● Try it
Below this line are records; write out exactly the lines from the one containing "Frommhold rides 175mm" through the one containing "Расписание уроков А4, арт.63550/К/", with the pictures left out.

● Given data
<<<<

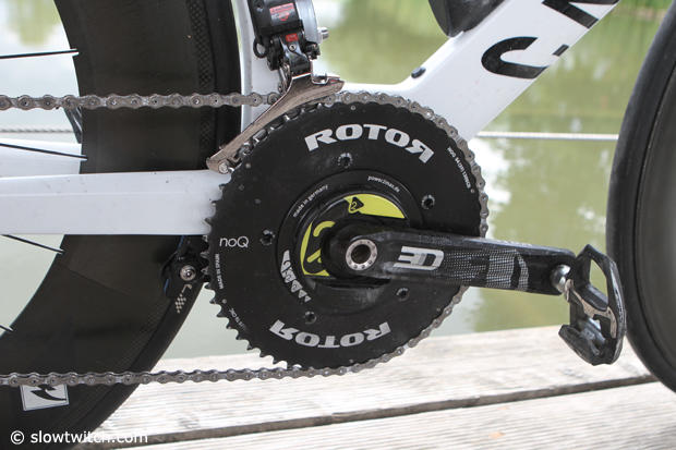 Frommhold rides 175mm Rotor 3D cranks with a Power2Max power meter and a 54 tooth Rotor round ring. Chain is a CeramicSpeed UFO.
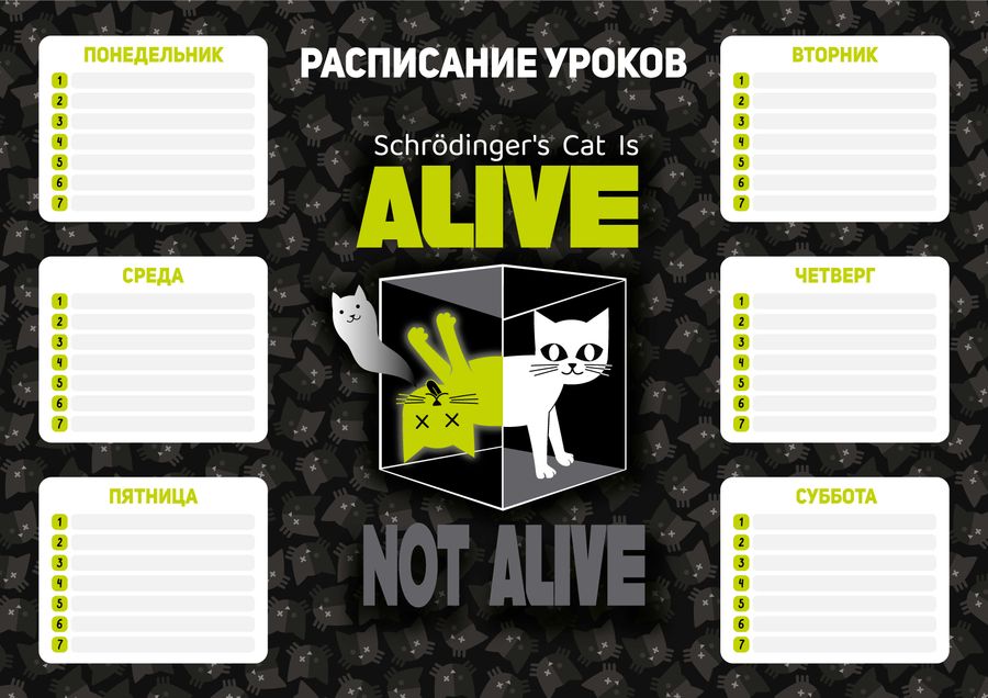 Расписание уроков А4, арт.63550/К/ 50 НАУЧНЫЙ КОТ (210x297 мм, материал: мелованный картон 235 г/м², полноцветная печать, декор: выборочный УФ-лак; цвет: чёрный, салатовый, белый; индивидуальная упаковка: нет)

>>>>
<<<<

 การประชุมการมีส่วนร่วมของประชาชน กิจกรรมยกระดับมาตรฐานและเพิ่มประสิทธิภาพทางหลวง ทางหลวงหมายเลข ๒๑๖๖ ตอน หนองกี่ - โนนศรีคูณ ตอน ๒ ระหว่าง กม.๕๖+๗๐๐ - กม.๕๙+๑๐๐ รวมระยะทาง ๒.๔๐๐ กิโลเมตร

>>>>

● Solution to the problem
 Frommhold rides 175mm Rotor 3D cranks with a Power2Max power meter and a 54 tooth Rotor round ring. Chain is a CeramicSpeed UFO.
 Расписание уроков А4, арт.63550/К/ 50 НАУЧНЫЙ КОТ (210x297 мм, материал: мелованный картон 235 г/м², полноцветная печать, декор: выборочный УФ-лак; цвет: чёрный, салатовый, белый; индивидуальная упаковка: нет)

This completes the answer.